Removing the project / goal label to my health has me feeling better. I’m less stressed out, so I crave less sugar, drink less alcohol, and make better eating decisions. I take more breaks which means I naturally, without thinking about it or tracking it, get more steps in throughout the day. If I don’t feel well, miss my run for a day, I don’t think much of it. I say: “I’ll do it tomorrow” because I know I mean it. I have a proven track record of keeping that habit for myself. It’s much easier to pick back up “tomorrow” than it is in a week or a month. Simplifying this process, reducing / minimizing the “project” behind it, makes less daunting. Kind of like how I think of brushing my teeth. Has to get done, will get done, and if I don’t, I won’t guilt-trip myself.
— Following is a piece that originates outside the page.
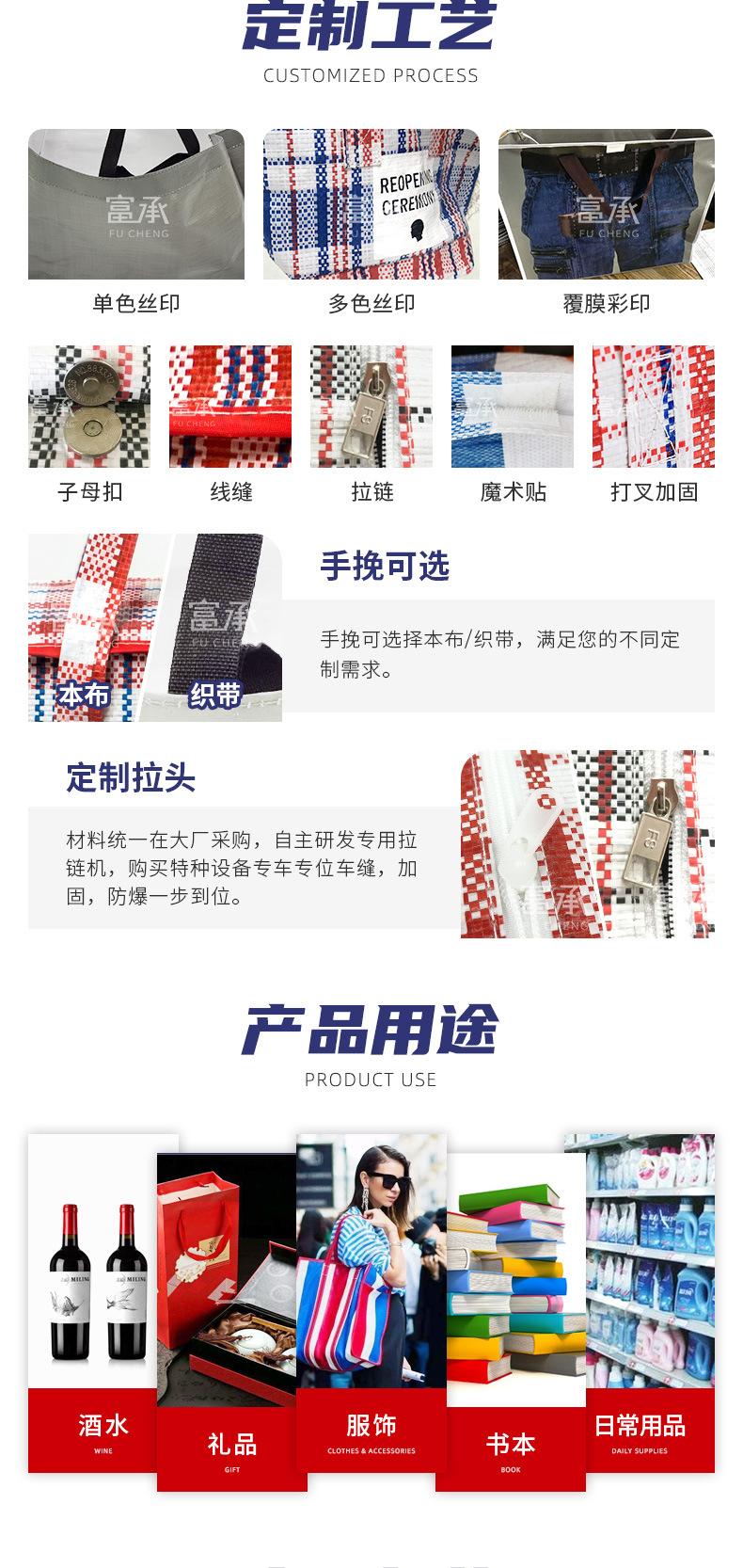 Bolsa tejida de mano gruesa impermeable personalizada con impresión de logotipo, bolsa publicitaria, impresión a color, película, piel de serpiente, bolsa de compras

Not All Who Wander Are Lost
At the beginning of 2023 I brainstormed some things I wanted to try and learn. Not as goals, but as a list of things to pick up next when I finish whatever I’m working on that day. It dawned on me that the old adage: “Not all who wander are lost” can apply to people who’s souls wander, even if physically they’re in their same place. This realization brought me a lot of comfort. I was very stressed about not having a singular passion, medium for my creations, and product offering. I talk about this in my about - about how I want to try, enjoy, and sell a variety of things.
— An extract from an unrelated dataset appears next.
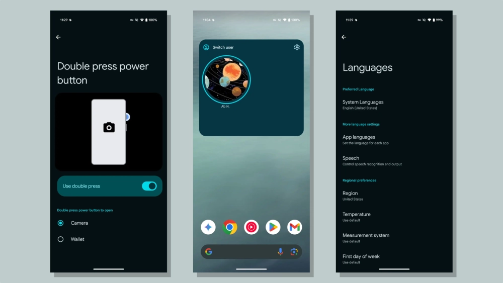 - В разделе «Настройки» → «Система» → «Жесты» появилась опция для настройки поведения при двойном нажатии на кнопку питания. Помимо камеры, на это действие можно назначить вызов приложения «Кошелёк».

This is how I’ve always preferred to work, but in a lot of jobs, it’s not accepted. I hate doing the same thing over and over again. The number of freak-outs I’ve had because I’ve had to do the dishes more than once in a 24-hour period, which puts me in a full-on existential crisis, is appalling for most adults. I also don’t like projects that take longer than <enter some arbitrary time period that changes depending on hunger levels and who I’m working with>. I once worked on a work project for 6 months and told my boss if it didn’t wrap up soon I was going to lose my mind. Of course, in corporate America, projects often last years (that same project launched multiple years after we started it). You can imagine the stress levels I managed to have when working in a culture with long projects and recurring tasks that had be repeated daily, weekly, or monthly!
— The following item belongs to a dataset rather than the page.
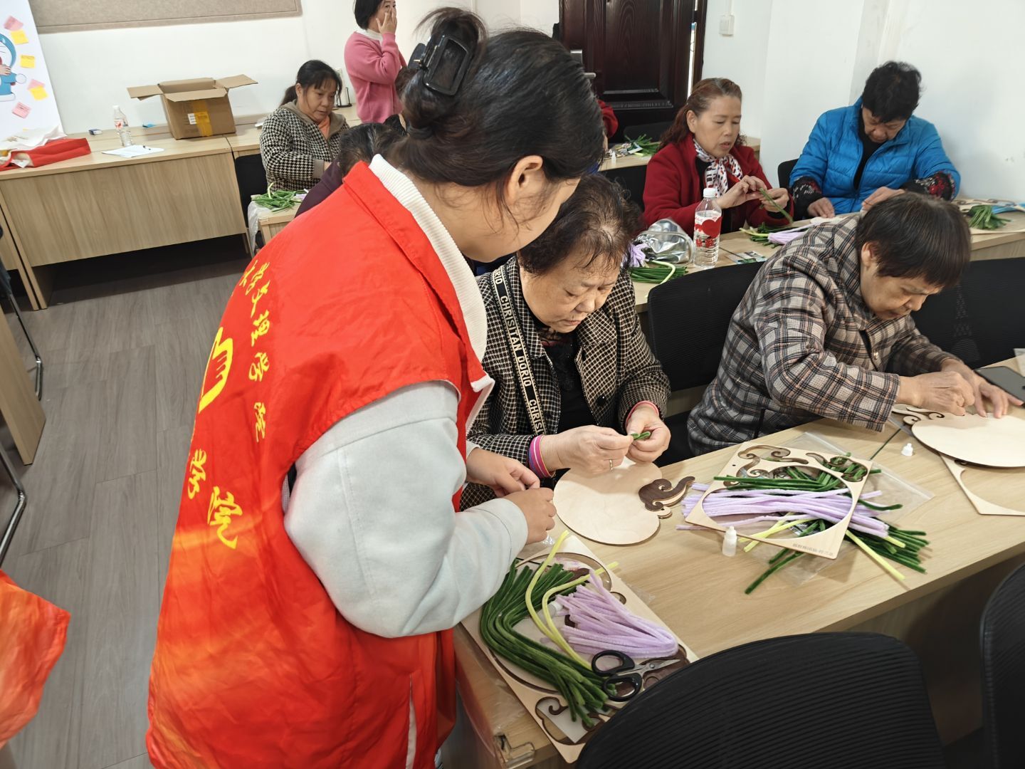 分组教学指导,定格美好瞬间。演讲结束后,志愿者们分成四个组,每组聚焦一种花朵样式,手把手指导老人完成手工制作。老人们在学习过程中充分体验手工乐趣,为晚年生活增添别样色彩。活动尾声,志愿者引导完成作品的老人们拍照留念,并为大家发放相应奖励。

When I started my business, I found myself actively fighting the normal business-planning paradigm of goals, milestones, recurring tasks, and whatnot. Because of this, I work on whatever project I feel like. Not inspired by. Inspiration is fickle. Not motivated by. Motivation is fleeting. Just a vague “feel”. I didn’t know, for example, that today was the day I was going to finally put all these thoughts into a blog. I found myself making a social media post with a link to this blog, which then meant I needed to write it. In most of my previous lives this is such a backwards process it stresses me out to tell you the truth. I accidentally put myself in a position where I set a date by scheduling a post, and my options were to come up with a new post (ugh, I hate social so much this wasn’t going to happen), or write the damn blog I’ve been drafting in my mind for months. And now, here we are.
Wandering in my mind. Wandering in my soul. And slowly building out products and content that maybe someday will multiply into a bazillion dollars, or might not. And regardless, it’ll all be okay. Because I don’t have any goals, and without goals, I can’t fail.